*** Opening DATASET EXCERPTS ***

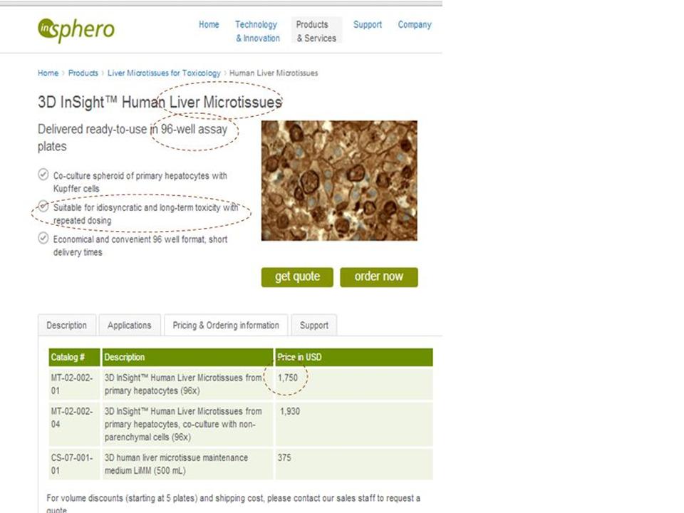 Important Note: The market data with respect to pricing and volumes of 3D liver assays should be seen as highly verifiable. This is how investors should estimate future revenue prospects. Links are included so that they can be verified by anyone. For investors who wish to conduct their own checks, I strongly encourage them to ask Organovo management directly about expected prices and volumes. Management can be reached at [email protected]. Alternatively, investors can ask other 3rd party sources such as Zacks analyst Jason Napodano who has covered the stock or companies such as Insphero (shown below) which already sell 3D bio printed liver assays. These sources will yield estimates that should all be very much in line with the ones I present below.
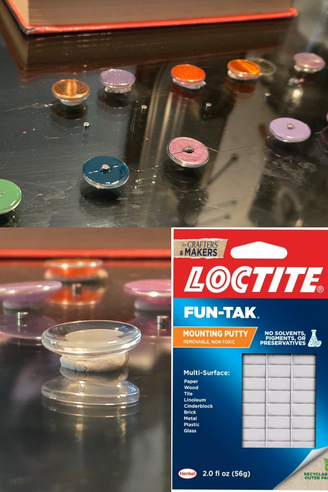 Pin: my biggest problem was finding a way to pick up the tiny magnets and place them in the glue. I needed something that the magnets stuck to, but not stick to so hard that they wouldn't release once I put them in the glue. This took some trial and error but I settled on picking them up with the head of a pin. The plastic head allowed enough separation from the magnet and the metal pin that I could pick it up easily, but also could get it to release and stick in the glue.
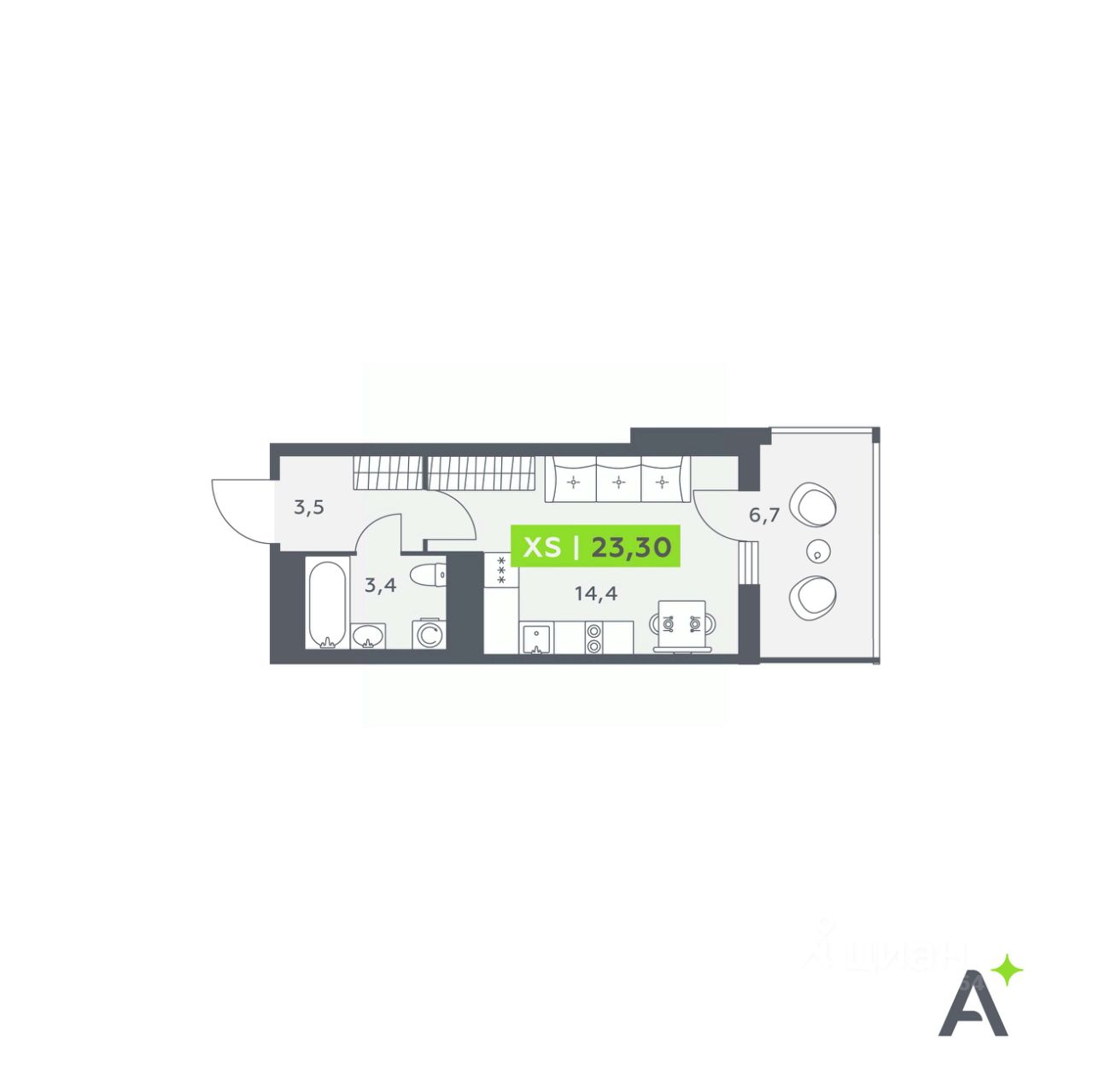 Общая площадь23,3 м²
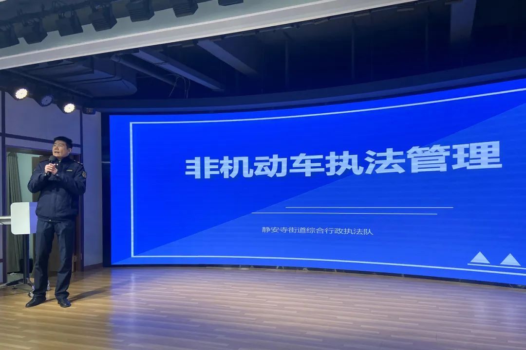 提升居民安全意识,培训必须先行。为此,街道综合行政执法队依托静安区城市基层党建(基层治理)学院静安寺街道分院,积极开展非机动车安全管理培训,为居民宣传和讲解非机动车安全知识,进一步增强大家的安全出行意识,营造更加安全、文明的交通氛围。
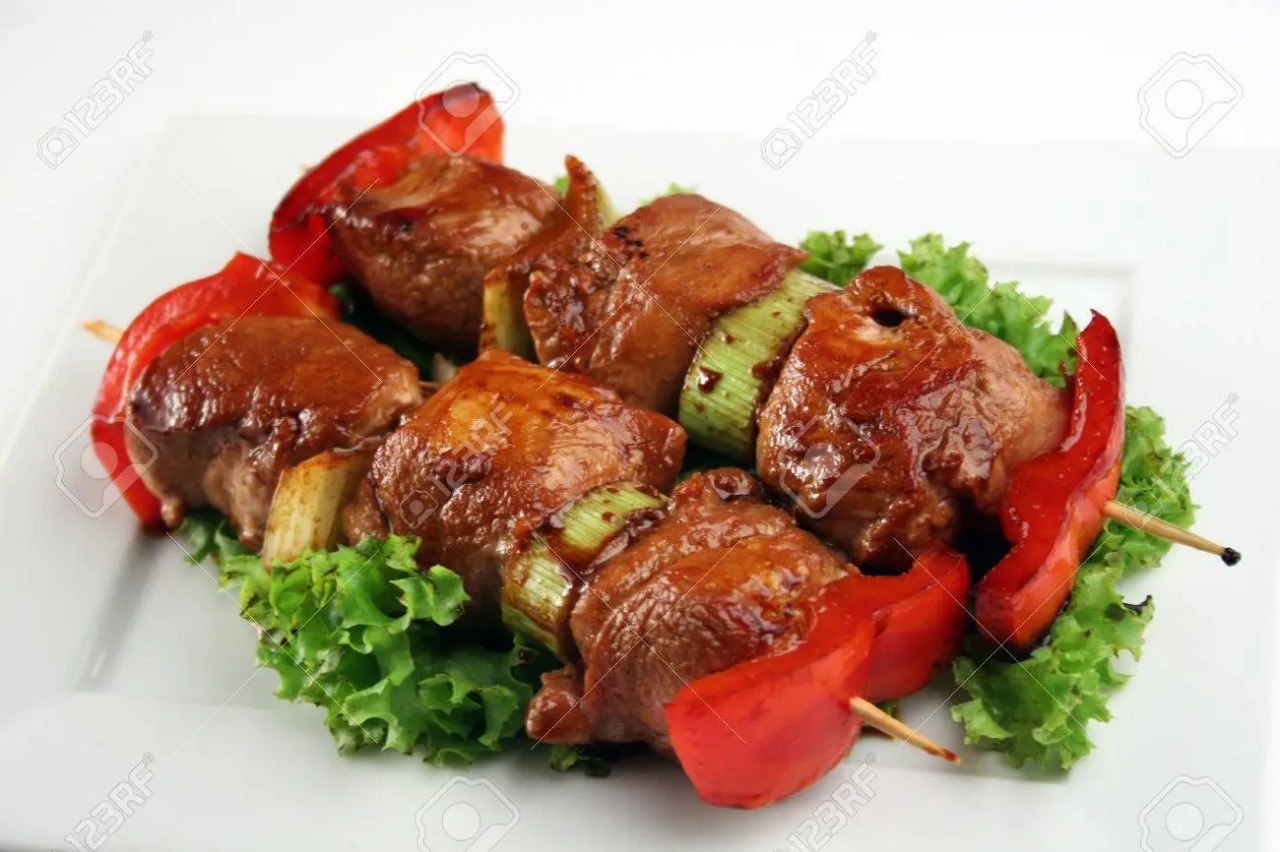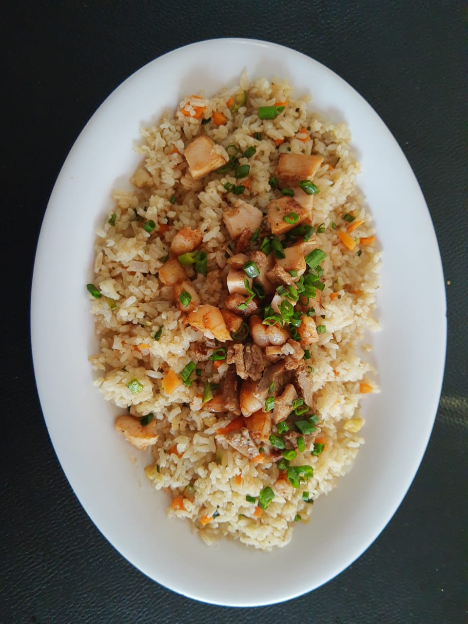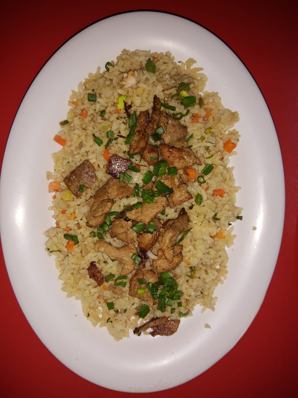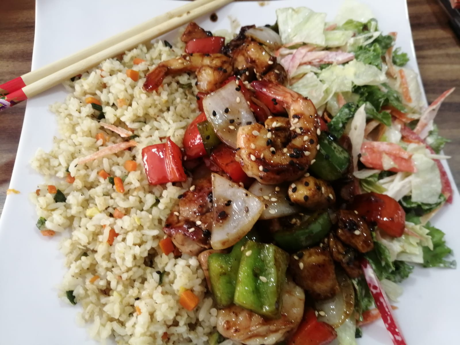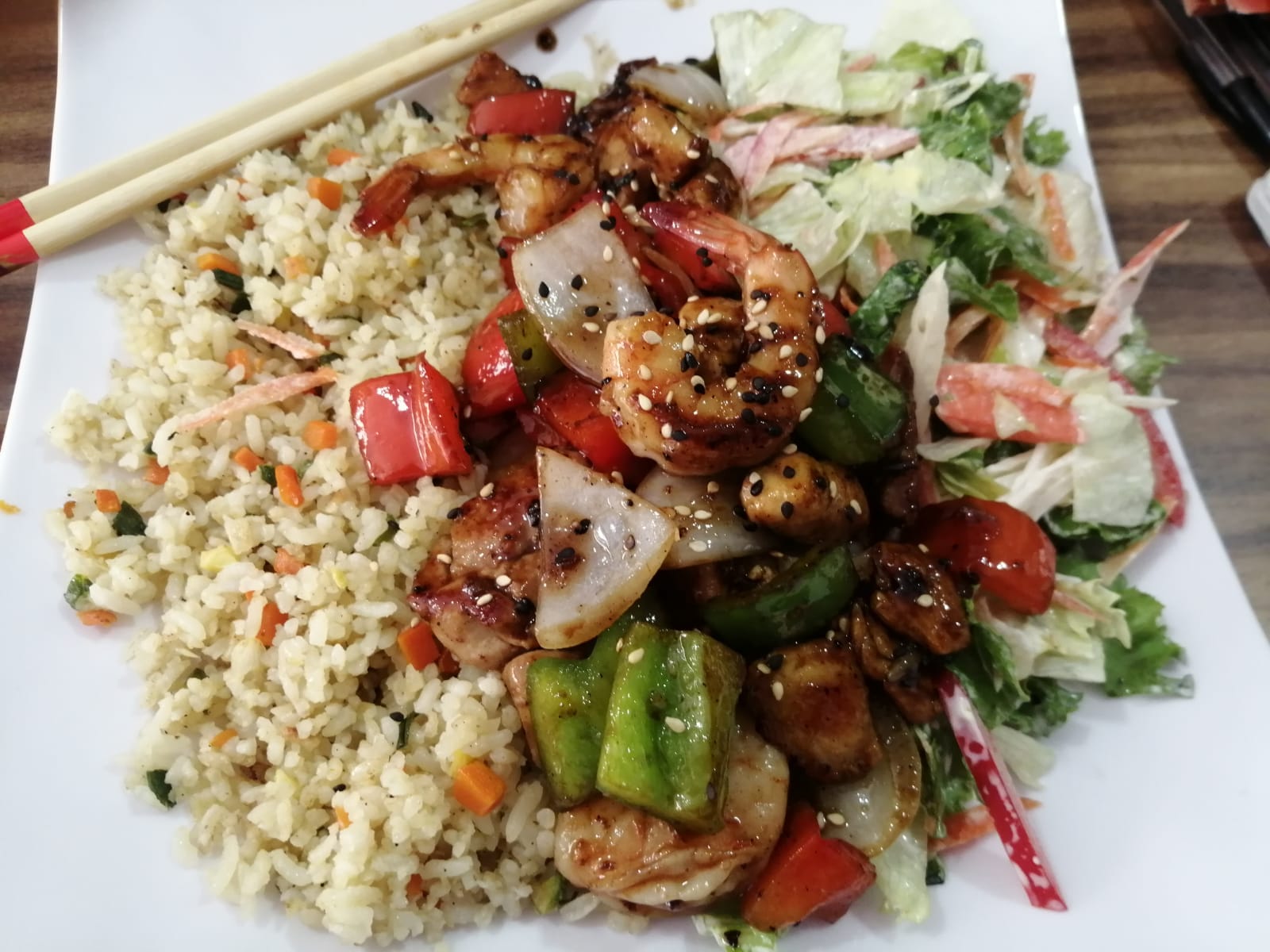 Morron verde, morron rojo,cebolla, pollo a la plancha con salsa de anguila y acompañado con ensalada kany y arroz frito

*** Closing DATASET EXCERPTS ***

- _PROBLEM_
Print every entry exactly. Pictures are not part of the copy.

- _OUTPUT FOR THIS TASK_
 Important Note: The market data with respect to pricing and volumes of 3D liver assays should be seen as highly verifiable. This is how investors should estimate future revenue prospects. Links are included so that they can be verified by anyone. For investors who wish to conduct their own checks, I strongly encourage them to ask Organovo management directly about expected prices and volumes. Management can be reached at [email protected]. Alternatively, investors can ask other 3rd party sources such as Zacks analyst Jason Napodano who has covered the stock or companies such as Insphero (shown below) which already sell 3D bio printed liver assays. These sources will yield estimates that should all be very much in line with the ones I present below.
 Pin: my biggest problem was finding a way to pick up the tiny magnets and place them in the glue. I needed something that the magnets stuck to, but not stick to so hard that they wouldn't release once I put them in the glue. This took some trial and error but I settled on picking them up with the head of a pin. The plastic head allowed enough separation from the magnet and the metal pin that I could pick it up easily, but also could get it to release and stick in the glue.
 Общая площадь23,3 м²
 提升居民安全意识,培训必须先行。为此,街道综合行政执法队依托静安区城市基层党建(基层治理)学院静安寺街道分院,积极开展非机动车安全管理培训,为居民宣传和讲解非机动车安全知识,进一步增强大家的安全出行意识,营造更加安全、文明的交通氛围。
 Morron verde, morron rojo,cebolla, pollo a la plancha con salsa de anguila y acompañado con ensalada kany y arroz frito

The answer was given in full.